The method of the invention includes steps for forming an
emission-enhancing coating on electron emitter structures 118. FIGS. 2 and
3 are cross-sectional views of a field emission device (FED) 200
fabricated in accordance with the invention. FED 200 includes the elements
of FED 100 and further includes a coating material 220, which is disposed
on electron emitter structures 118.
Referring to FIG. 2, FED 200 is fabricated by first forming FED 100, as
described with reference to FIG. 1 Thereafter, a sacrificial layer 210 is
selectively deposited onto the horizontal surfaces of dielectric layer 114
and on gate electrodes 116. Sacrificial layer 210 is made from a material
that can be selectively removed subsequent to the deposition of coating
material 220. Selective deposition of sacrificial layer 210 onto the
surfaces of dielectric layer 114, which are between gate electrodes 116,
and onto gate electrodes 116 is achieved by employing an angled
evaporation of the sacrificial material. The sacrificial material is
preferably made from a metal selected from a group consisting of aluminum,
zinc, copper, tin, titanium, vanadium, and silver.

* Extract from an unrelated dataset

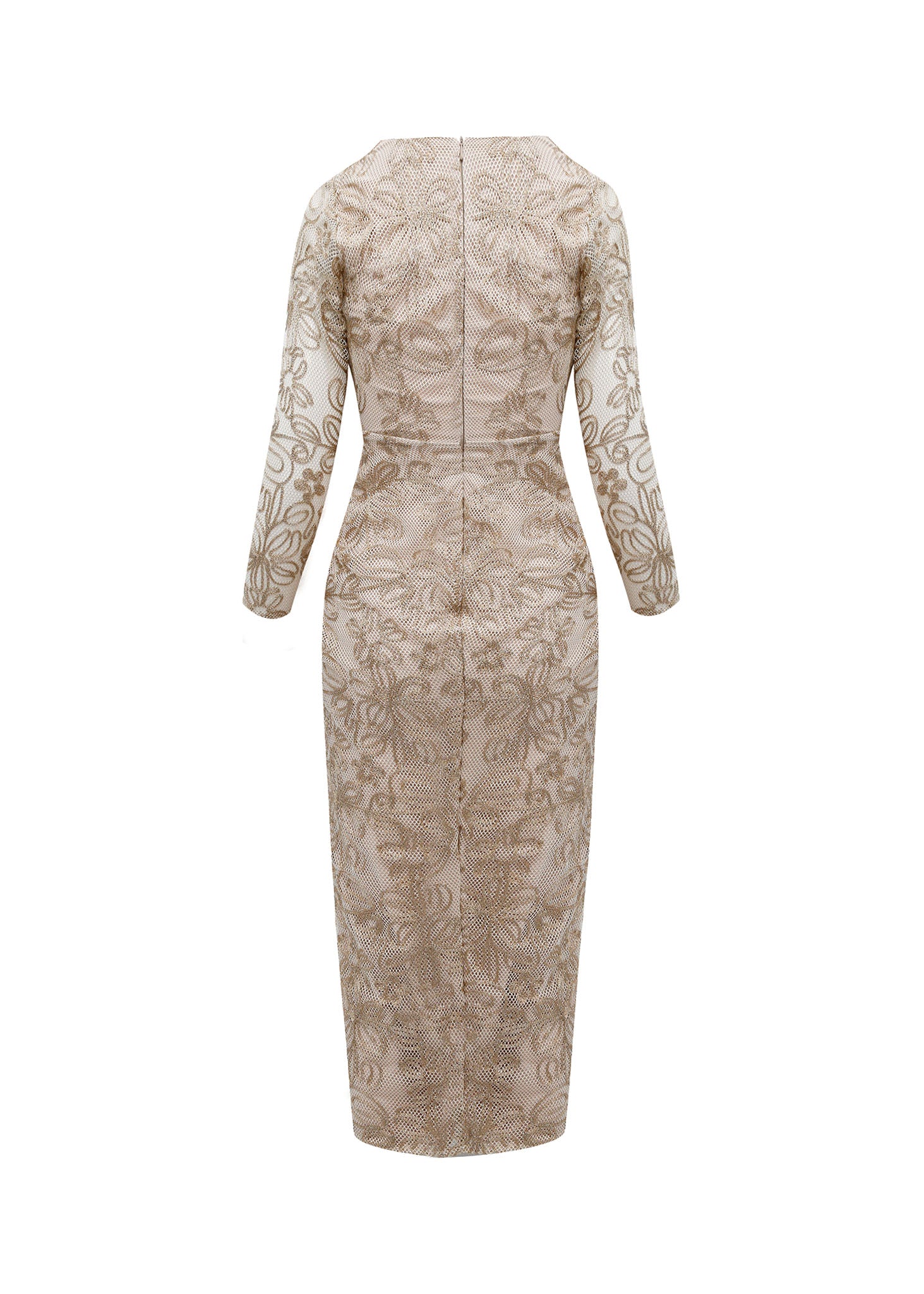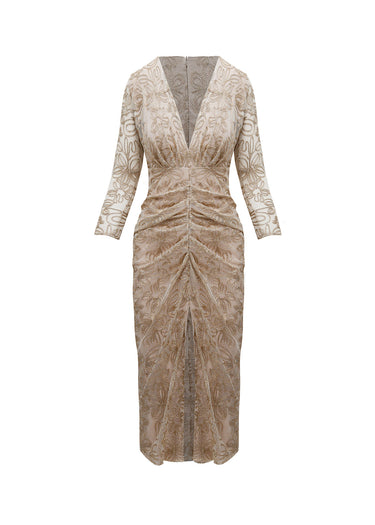 Este impresionante vestido midi es la personificación de la elegancia y el glamour sofisticado. Confeccionado en un tejido de base neutra, presenta un exquisito bordado de lentejuelas doradas o color champán que dibuja un intrincado patrón floral o geométrico por toda la pieza, creando un efecto de brillo sutil y lujoso.El diseño destaca por su favorecedor escote en V profundo y las mangas largas que ofrecen una cobertura chic y estilizada.

After the formation of sacrificial layer 210, coating material 220 is
deposited using a generally normal (90.degree. with respect to the plane
defined by dielectric layer 114) deposition onto a surface 123 of electron
emitter structures 118 and onto sacrificial layer 210. An electron emitter
230 is thus formed and includes electron emitter structure 118 and that
portion of coating material 220 that is deposited on surface 123 of
electron emitter structure 118. The normal deposition lessens the
deposition of the coating material onto the surfaces of dielectric layer
114 that define emitter wells 115. In this manner electrical shorting
problems between gate electrodes 116 and cathode 112 are reduced.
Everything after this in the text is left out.